Rouge listened to alarms going off hysterically in the distance, giggling quietly in delight. She didn't go to the park after she was done with plucking the safe out of its nest, deciding that it would be the first place to be searched for the thief, so she found herself a safe spot on a roof several streets away. There, she could finally crack the safe open in peace and look what her today's treasure was.
The safe had a mechanical lock she had some experience with. Putting one of her sensitive ears closer to it, she began spinning the wheel until a series of barely audible clicks told her what the key combination was. This way, she could easily open it without damaging the contents.
A stack of paper in the lower section was of no value to her; a small black bag in the upper half was her target. Her fingers shook slightly upon undoing the tie, and her eyes went wide as she saw what was inside. Rouge tore the scope's mask off her head to have a better view of what lay on her palm.
Vivid city lights gleamed off a brilliant-shaped jewel. So her sources were correct after all, and the man possessed that twenty three carat deep blue diamond after all…
Had possessed. Now it was the biggest one yet in Rouge the Bat's humble collection.
Unless you counted in a Chaos Emerald she had been provided with during the ARK operation and lost during it. She frowned with annoyance; she'd have another chance to get it back.
Rouge took a moment to catch her breath before the last leap home and turned the brilliant in her fingers, admiring the color. She knew this one wasn't the biggest gemstone in the world – a visit to a certain floating island ensured her that; but a feeling of new treasure in her fingers coupled with adrenaline was all it took to make her day. Well, night, more likely.
All jewels in the world already belonged to her anyway. She just had to decide when to come and get the rest of them back.
As she was done with her admiration, she put her haul back into the safety of the bag, frowning momentarily. It looked like she had told the echidna Guardian something about being done with stealing jewels... Eh, it's not like you could trust everything a pretty agent told you. Anyway, it was a good move on her part, given that she was going to drop by later on, and having the Guardian lax and trusting would be a delicious bonus.
She didn't feel sorry for the today's treasure's previous owners, either; that couple, the manager and his dearest spouse, had relieved the federation's budget of too much money for anyone righteous to frown at her. Naturally, the blue diamond was the result of one of those schemes the public would gasp upon learning about.
The manager would think otherwise, of course, but only after the security informed him about the theft – and Rouge would be long gone by that time.
Collecting information about the house and preparing the munitions was a bit of homework, but she was proud of how she handled it.

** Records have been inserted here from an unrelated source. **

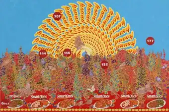 Kuharic targeted middle-class suburban culture, McMansions and Midwestern stereotypes in subsequent exhibitions at the Contemporary Art Museum St. Louis ("The World Brought Low,", 2005) and Bruno David Gallery ("Working in the Lou," 2012).[34][33][19] The former show included Jack's Originals (2004), a restaging of the expulsion from the Garden of Eden that portrays a casually dressed, middle-aged group atop jerry-built scaffolding made of potato chip bags, cheeseburgers, plates of club sandwiches, hams and other goods; a giant sun composed of a central frozen pizza package and plastic detergent bottles hovers above them.[3][8] Critic Jessica Baran described works in the latter show, such as Ladue News (2010), as "big-box surrealist nightmares-as-paintings."[35] That painting depicted affluent groupings (culled from society magazines) ascending towards an expanding, sphincter-like mandala of product containers that seems to threaten the ramshackle building in which they are placed.[33][35][36]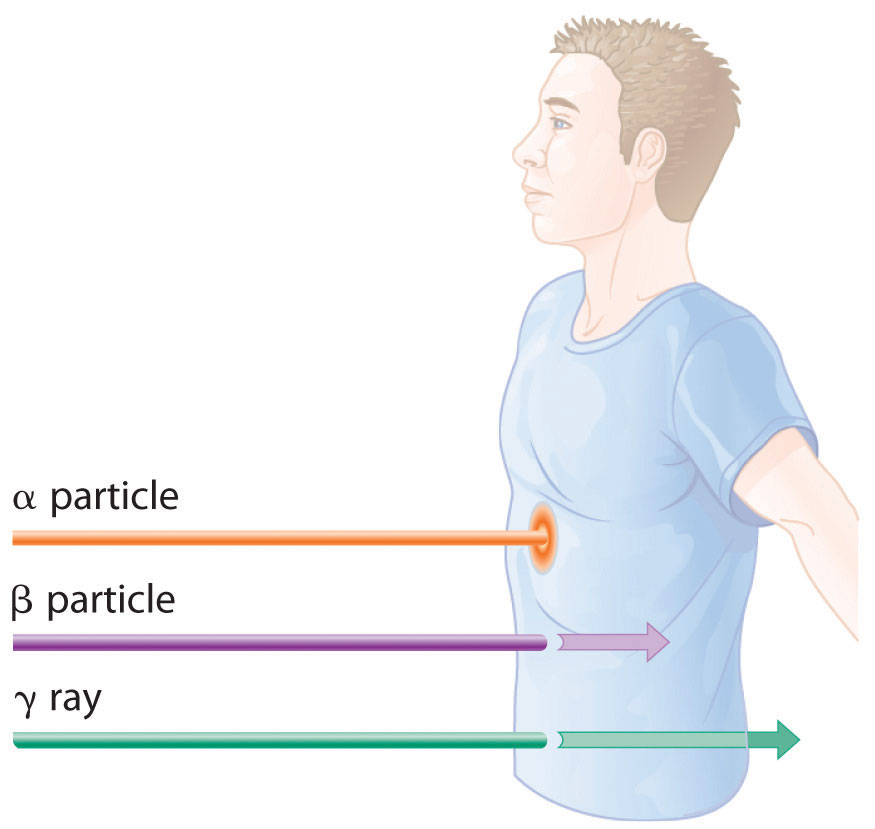 The relative abilities of the various forms of ionizing radiation to penetrate biological tissues are illustrated in Figure 20.12 "Depth of Penetration of Ionizing Radiation". Because of its high charge and mass, α radiation interacts strongly with matter. Consequently, it does not penetrate deeply into an object, and it can be stopped by a piece of paper, clothing, or skin. In contrast, γ rays, with no charge and essentially no mass, do not interact strongly with matter and penetrate deeply into most objects, including the human body. Several inches of lead or more than 12 inches of special concrete are needed to completely stop γ rays. Because β particles are intermediate in mass and charge between α particles and γ rays, their interaction with matter is also intermediate. Beta particles readily penetrate paper or skin, but they can be stopped by a piece of wood or a relatively thin sheet of metal.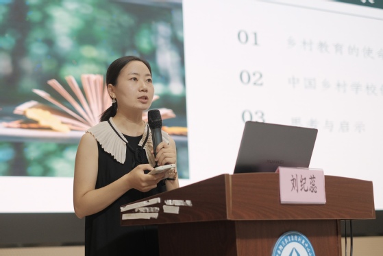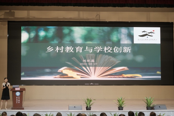 刘纪蕊博士开展了题为《乡村教育与学校创新》的讲座报告,她通过快问快答的形式热场,引发现场教师对工作场域——乡村学校的关注与反思,接着分析了乡村教育当前存在的问题与价值,介绍了中国乡村学校创新案例,借助互动问答的形式,带领大家一起思考这些案例可能为身边的乡村学校创新带来哪些思考与启示。

Something made Rouge tense all of a sudden. Her sensitive ears hadn't picked a single sound, but the skin on her neck crawled as if there was someone else next to her on the roof. Trying to not make any sharp moves, she turned her head back to where she thought that someone could be.
The bag slowly slipped out of her fingers.
Floating gently in the air in front of her was a cluster of diamonds. Of different proportions, from speckle-like to fist-sized; all tear-shaped, partially transparent, partially radiating a noble white glow. In a heartbeat the batgirl realized the light wasn't a reflection; it came from within the gems itself, in a way light would emerge from a Chaos Emerald after someone with a pure heart would call upon its power.
Rouge had never been able to evoke that light…
Nothing she could net in a citizen's house, or maybe even G.U.N.'s most valuable stocks would possibly match this beauty. A thought about the Chaos Emeralds entered her mind and was rejected; the memory of those parrot-colored clumsy stones was just too awkward to bring up before the whiteness of pure brilliance.
It was a gift the heaven itself gave her.
Something on the back of her head gasped. Diamonds did not just fall from the sky and floated towards you, they always were safeguarded like any treasure would be, that was wrong, crazy, unnatural...
The diamonds still levitated before her eyes, waiting for her to make a decision patiently. She gulped, licked her lips that were instantly dry, and reached forward.